Everything in the entries below must be reproduced exactly, except the images.

→ MATERIAL FOR THE TASK
== Segment start ==
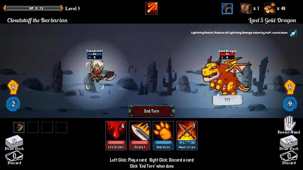 Рогалик с примесью карточной коллекционной игры, в котором есть 6 классов со своими классовыми картами, плюс общие карты, из которых нужно собрать колоду и, убивая разнообразных монстров, освободить мир. В игре есть несколько зон, к каждой из которых привязаны определенные монстры. В этих зонах могут находиться различные секреты, торговцы, бафалки и прочие бонусы. В конце каждого акта предстоит сражение с боссом.
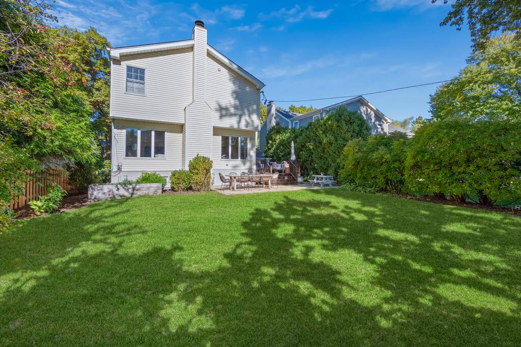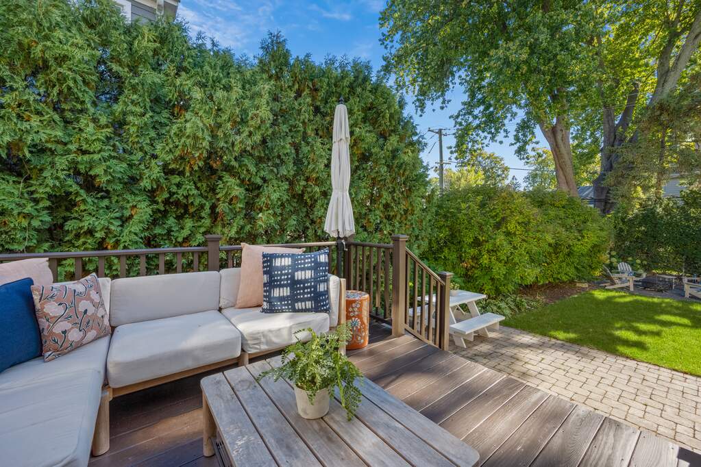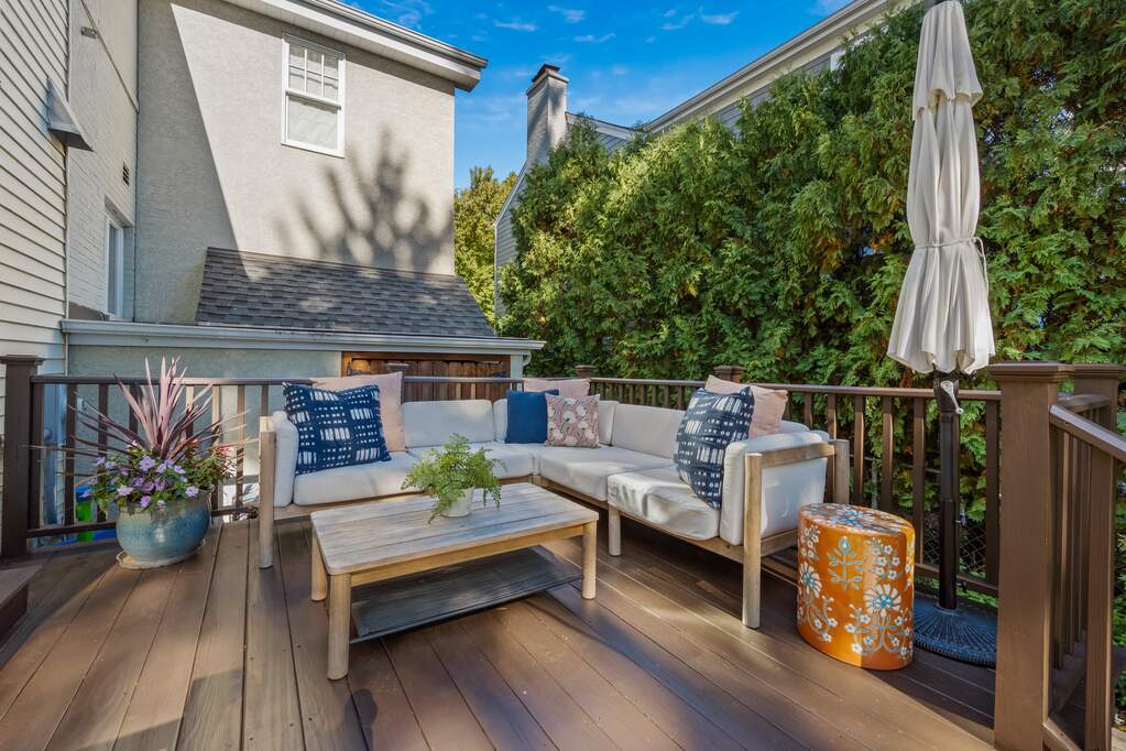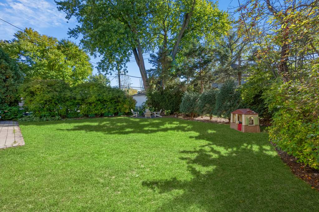 Located in the heart of Kenilworth Gardens, this move-in-ready five-bedroom home offers a functional layout with all bedrooms on the second floor. Expanded and updated in 2009, the first floor features a spacious living room, dining room, and a well-designed kitchen with an eating area that opens to a bright family room, all overlooking a professionally landscaped backyard with deck and patio. An oversized attached one-car garage connects to a convenient mudroom. The second floor includes five bedrooms: a primary suite, a secondary en-suite bedroom, and three additional bedrooms sharing a hall bath, along with ample closet space throughout. The primary suite features vaulted ceilings, a large walk-in closet with custom organization, and a well-appointed bath with double sinks and a shower. The finished basement includes a recreation area, play space, and storage. Situated on Greenwood, known for its strong sense of community, and just a short walk to the Kenilworth Metra, this home is also located within the Harper School District.
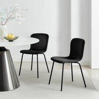 Our Asti velvet dining chairs are a simple, minimalist design of flowing curves. The chair back has a subtle winged, fluted style that hugs the body, an ergonomic design to support you and keep you comfy. The chair back gently tapers at the base before widening into the chair seat in a continuous flowing shape. Upholstered in gorgeous soft touch velvet, sat on 4 straight matte black powder-coated legs. This pair of dining chairs will look fantastic in a whole range of modern dining rooms, whatever your style. Also available in other colours and materials, so check out the full Asti chair range today. | FurnitureboxUK 2 x Asti Black Velvet Dining Chairs - Manufacturers part number: FurnitureboxUK_5061064388256
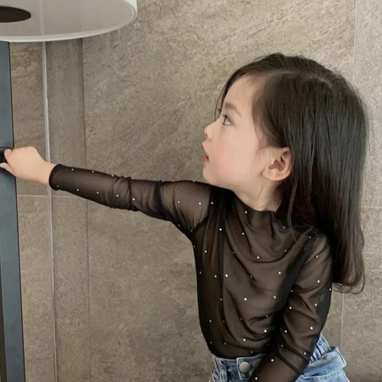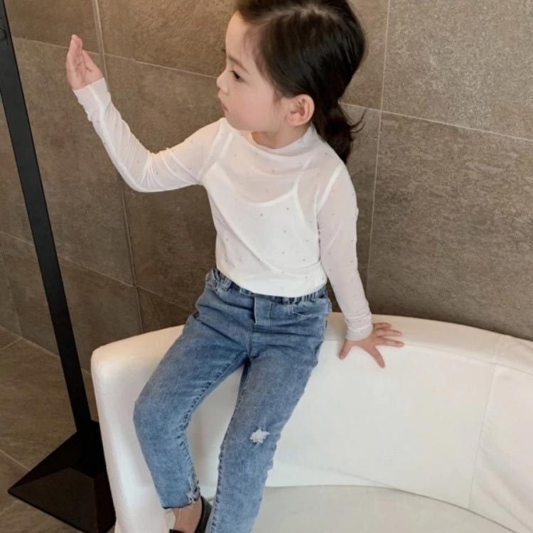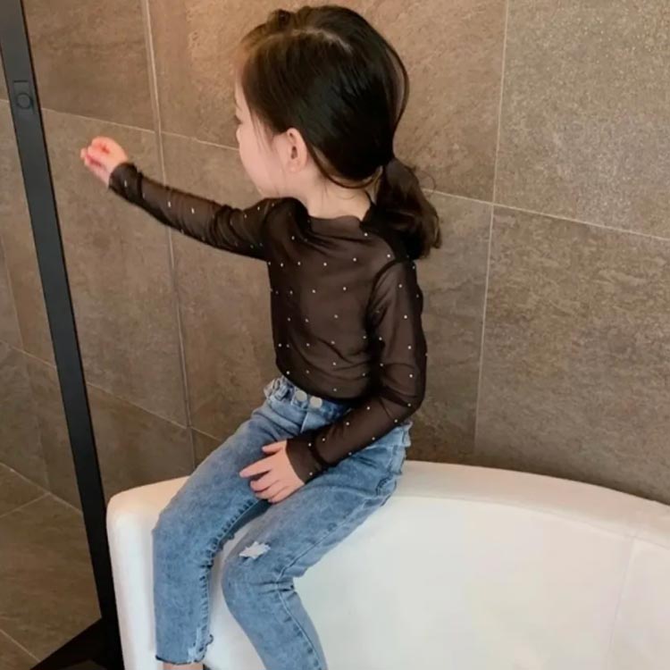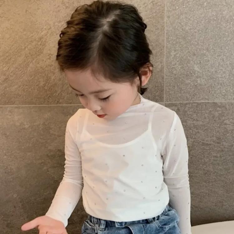 シャツ キッズ服 シアートップス 女の子 シースルー インナー 花柄 レース付き 日焼け対策 子供服 ラッシュガード ハイネック 薄手 長袖 スパンコール レイヤード風 可愛い 透け感
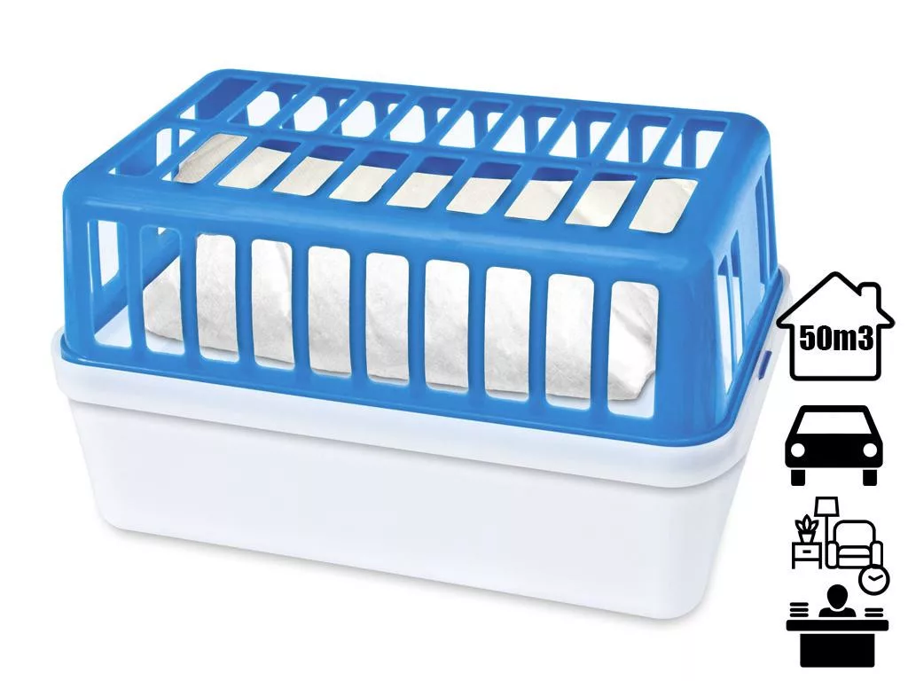 Az Invest H1000X2 Páramentesítő, segít szárazon és felesleges nedvességtől mentesen tartani a környezetet. Ideális irodába, autóba, konyhába, kamrába és minden olyan helyiségbe ahol túl magas a páratartalom. Specifikáció:Legfeljebb 50m3 területre tervezve.A betét súlya: 1000g.Hatás időtartama: 2-5 hónap.Szagtalan.Űrtartalom: 1100mlA készlet tartalma: 1 db abszorber + 2 db betétHatékony nedvességcsökkentés: Nedvességelnyelőnket kifejezetten arra tervezték, hogy hatékonyan csökkentse a levegő felesleges nedvességét, megelőzve a penész, gombák és kellemetlen szagok kialakulását.Hatékonyság: A betét nagy mennyiségű nedvességet képes felvenni, ami garantálja a helyiség megfelelő páratartalmának hosszú távú fenntartását.Könnyű használat:Az abszorber összerakása rendkívül egyszerű. Csak helyezze a betétet az abszorberbe, és tegye oda, ahol szüksége van rá. A betétek állapotának rendszeres ellenőrzése lehetővé teszi azok időben történő cseréjét, biztosítva a készülék folyamatos hatékonyságát.     Biztonság és ökológia: A nedvességelnyelő használata biztonságos, és nem tartalmaz káros vegyszereket. A betétek környezetbarátak, használat után biztonságosan kidobhatók. Alkalmazás:   Otthon: Ideális hálószobákban, fürdőszobákban, konyhákban, pincékben és egyéb helyiségekben, ahol a nedvesség problémát jelenthet.   Iroda: Fenntartja a megfelelő páratartalmat, ami fontos a munkakényelem és az irodai berendezések védelme szempontjából.   Autó: Hatékonyan csökkenti a nedvességet a jármű belsejében, megakadályozza az ablakok bepárásodását és a penészképződést.
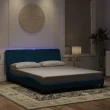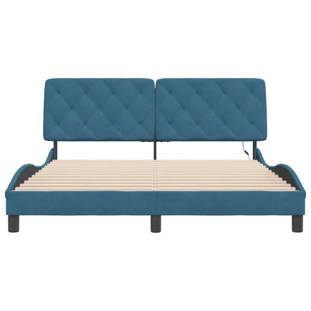 Posteljni okvir - Dvoposteljna postelja - Zakonska postelja z LED lučkami moder 160x200 cm žamet
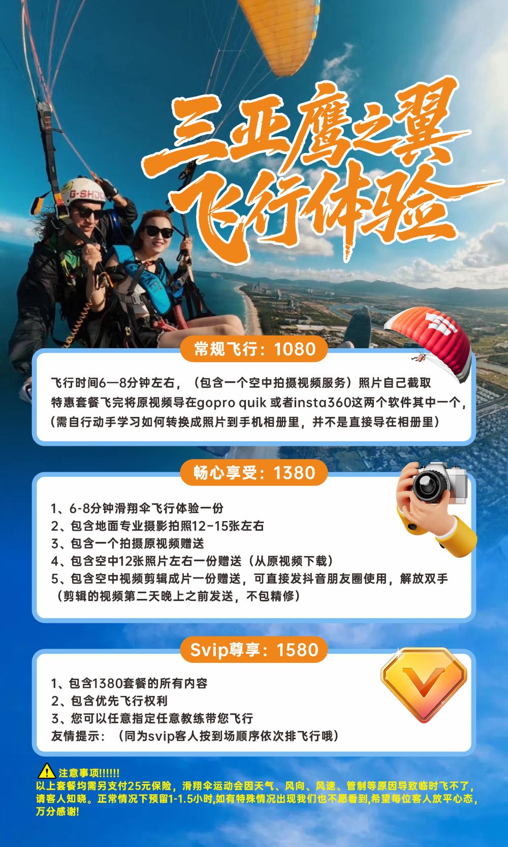 4. High heels and slippers are prohibited during the flight experience. Please wear outdoor shoes or casual sneakers.
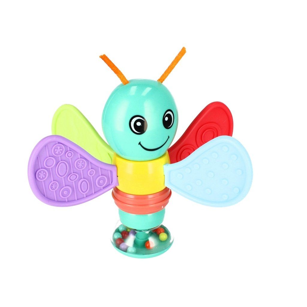 Hrkálka v dvoch farbách: zelená, červená s tlmenými farbami poskytuje mnoho radosti dieťaťu od narodenia. Trepanie hračky spôsobuje charakteristické zvuky, ktoré ich senzibilizujú, aby rozlíšili ich intenzitu. Včelie pohyblivé krídla a farebné gule batoľa určite zaujmú. Hračka rozvíja zrak, hmat, sluch a manuálne zručnosti dieťaťa. Hračka je určená pre deti vo veku 0m+. Cena za kus. Rozmer (cm)
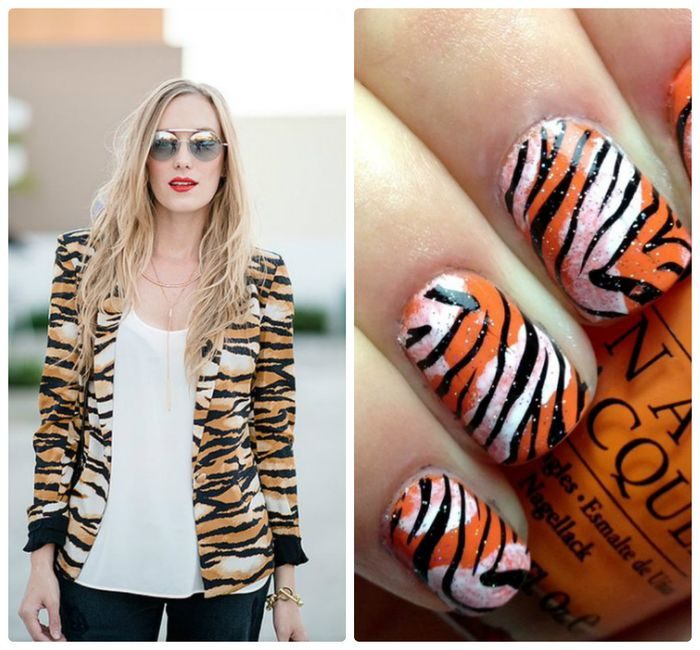 Хищные принты не любят конкурентов, и если носить вместе леопардовый и тигровый рисунок, то они будут конфликтовать между собой. Поэтому модные эксперты советуют останавливаться на одной расцветке. В этом году большой популярностью пользуются имитации кожи тигра, леопарда и змеи. Причём, не обязательно в шубах, на сумочках или в обуви. Актуальны и всевозможные блузы, футболки, платья, шапки, шарфы, даже маникюр и макияж с хищным принтом.
== Segment end ==
→ PROBLEM SOLUTION
 Рогалик с примесью карточной коллекционной игры, в котором есть 6 классов со своими классовыми картами, плюс общие карты, из которых нужно собрать колоду и, убивая разнообразных монстров, освободить мир. В игре есть несколько зон, к каждой из которых привязаны определенные монстры. В этих зонах могут находиться различные секреты, торговцы, бафалки и прочие бонусы. В конце каждого акта предстоит сражение с боссом.
 Located in the heart of Kenilworth Gardens, this move-in-ready five-bedroom home offers a functional layout with all bedrooms on the second floor. Expanded and updated in 2009, the first floor features a spacious living room, dining room, and a well-designed kitchen with an eating area that opens to a bright family room, all overlooking a professionally landscaped backyard with deck and patio. An oversized attached one-car garage connects to a convenient mudroom. The second floor includes five bedrooms: a primary suite, a secondary en-suite bedroom, and three additional bedrooms sharing a hall bath, along with ample closet space throughout. The primary suite features vaulted ceilings, a large walk-in closet with custom organization, and a well-appointed bath with double sinks and a shower. The finished basement includes a recreation area, play space, and storage. Situated on Greenwood, known for its strong sense of community, and just a short walk to the Kenilworth Metra, this home is also located within the Harper School District.
 Our Asti velvet dining chairs are a simple, minimalist design of flowing curves. The chair back has a subtle winged, fluted style that hugs the body, an ergonomic design to support you and keep you comfy. The chair back gently tapers at the base before widening into the chair seat in a continuous flowing shape. Upholstered in gorgeous soft touch velvet, sat on 4 straight matte black powder-coated legs. This pair of dining chairs will look fantastic in a whole range of modern dining rooms, whatever your style. Also available in other colours and materials, so check out the full Asti chair range today. | FurnitureboxUK 2 x Asti Black Velvet Dining Chairs - Manufacturers part number: FurnitureboxUK_5061064388256
 シャツ キッズ服 シアートップス 女の子 シースルー インナー 花柄 レース付き 日焼け対策 子供服 ラッシュガード ハイネック 薄手 長袖 スパンコール レイヤード風 可愛い 透け感
 Az Invest H1000X2 Páramentesítő, segít szárazon és felesleges nedvességtől mentesen tartani a környezetet. Ideális irodába, autóba, konyhába, kamrába és minden olyan helyiségbe ahol túl magas a páratartalom. Specifikáció:Legfeljebb 50m3 területre tervezve.A betét súlya: 1000g.Hatás időtartama: 2-5 hónap.Szagtalan.Űrtartalom: 1100mlA készlet tartalma: 1 db abszorber + 2 db betétHatékony nedvességcsökkentés: Nedvességelnyelőnket kifejezetten arra tervezték, hogy hatékonyan csökkentse a levegő felesleges nedvességét, megelőzve a penész, gombák és kellemetlen szagok kialakulását.Hatékonyság: A betét nagy mennyiségű nedvességet képes felvenni, ami garantálja a helyiség megfelelő páratartalmának hosszú távú fenntartását.Könnyű használat:Az abszorber összerakása rendkívül egyszerű. Csak helyezze a betétet az abszorberbe, és tegye oda, ahol szüksége van rá. A betétek állapotának rendszeres ellenőrzése lehetővé teszi azok időben történő cseréjét, biztosítva a készülék folyamatos hatékonyságát.     Biztonság és ökológia: A nedvességelnyelő használata biztonságos, és nem tartalmaz káros vegyszereket. A betétek környezetbarátak, használat után biztonságosan kidobhatók. Alkalmazás:   Otthon: Ideális hálószobákban, fürdőszobákban, konyhákban, pincékben és egyéb helyiségekben, ahol a nedvesség problémát jelenthet.   Iroda: Fenntartja a megfelelő páratartalmat, ami fontos a munkakényelem és az irodai berendezések védelme szempontjából.   Autó: Hatékonyan csökkenti a nedvességet a jármű belsejében, megakadályozza az ablakok bepárásodását és a penészképződést.
 Posteljni okvir - Dvoposteljna postelja - Zakonska postelja z LED lučkami moder 160x200 cm žamet
 4. High heels and slippers are prohibited during the flight experience. Please wear outdoor shoes or casual sneakers.
 Hrkálka v dvoch farbách: zelená, červená s tlmenými farbami poskytuje mnoho radosti dieťaťu od narodenia. Trepanie hračky spôsobuje charakteristické zvuky, ktoré ich senzibilizujú, aby rozlíšili ich intenzitu. Včelie pohyblivé krídla a farebné gule batoľa určite zaujmú. Hračka rozvíja zrak, hmat, sluch a manuálne zručnosti dieťaťa. Hračka je určená pre deti vo veku 0m+. Cena za kus. Rozmer (cm)
 Хищные принты не любят конкурентов, и если носить вместе леопардовый и тигровый рисунок, то они будут конфликтовать между собой. Поэтому модные эксперты советуют останавливаться на одной расцветке. В этом году большой популярностью пользуются имитации кожи тигра, леопарда и змеи. Причём, не обязательно в шубах, на сумочках или в обуви. Актуальны и всевозможные блузы, футболки, платья, шапки, шарфы, даже маникюр и макияж с хищным принтом.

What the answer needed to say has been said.